James A. Rosenthal (1996), in Qualitative Descriptors of Strength
of Association and Effect Size, Journal of Social Service Research. He indirectly cites Fleiss (1994):
Fleiss (1994) contends that the odds ratio is the preferred measure of
effect size for dichotomous variables. Unlike the phi coefficient, it
is not affected by the proportions in the sample that comprise the
categories of the independent variable (Fleiss).
Rosenthal proceeds by giving the example of a situation where two hypothetical interventions are tested on young people to prevent delinquent offenses, at two different occasions with different sample sizes. Here are two tables to visualize the hypothetical situations he suggests (he doesn't use tables in the paper, he simply describes the situation inline):
Table 1
|
did not commit delinquent offense |
committed delinquent offenses |
intervention A |
90 |
10 |
intervention B |
50 |
50 |
Table 2
|
did not commit delinquent offense |
committed delinquent offenses |
intervention A |
180 |
20 |
intervention B |
10 |
10 |
He explains that the phi coefficient may lead to an incorrect conclusion. Namely, that the difference of effectiveness between interventions A and B in the first table might look more important than between A and B in the second table, as the $\phi$ coefficient is 0.436 vs. 0.335. But if you look at the row-wise percentages, this conclusion would be highly disputable. This problem does not arise with the odds ratio, which is the same in both tables (9).

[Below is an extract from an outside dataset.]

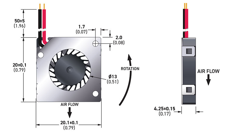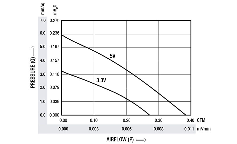 N/A 0.008 Cubic Meter Per Minute (m³/min) at 3.3 Volt (V) Voltage 0.011 Cubic Meter Per Minute (m³/min) at 5.0 Volt (V) Voltage 0.27 Cubic Foot Per Minute (ft³/min) at 3.3 Volt (V) Voltage 0.38 Cubic Foot Per Minute (ft³/min) at 5.0 Volt (V) Voltage |

In Effect Sizes for Research, Robert J. Grissom and John J. Kim, while they raise criticism against the odds ratio, also argue that (p. 250):
A phi arising from another study of the same two dichotomous
variables, but using a sampling method other than naturalistic
sampling, would not be comparable to a phi based on naturalistic
sampling; that is, the value of phi can vary across studies using
different sampling methods to study the same pair of dichotomous
variables.
They proceed by also explaining the limitations of $\phi$ relative to the possibility of attaining its minimal or maximal values (besides the Grissom and Kim's book, looking for "phi maximum value" in a specialized search engine should return a couple of relevant papers; otherwise, see the Davenport and El-Sanhurry's paper mentioned in the references below).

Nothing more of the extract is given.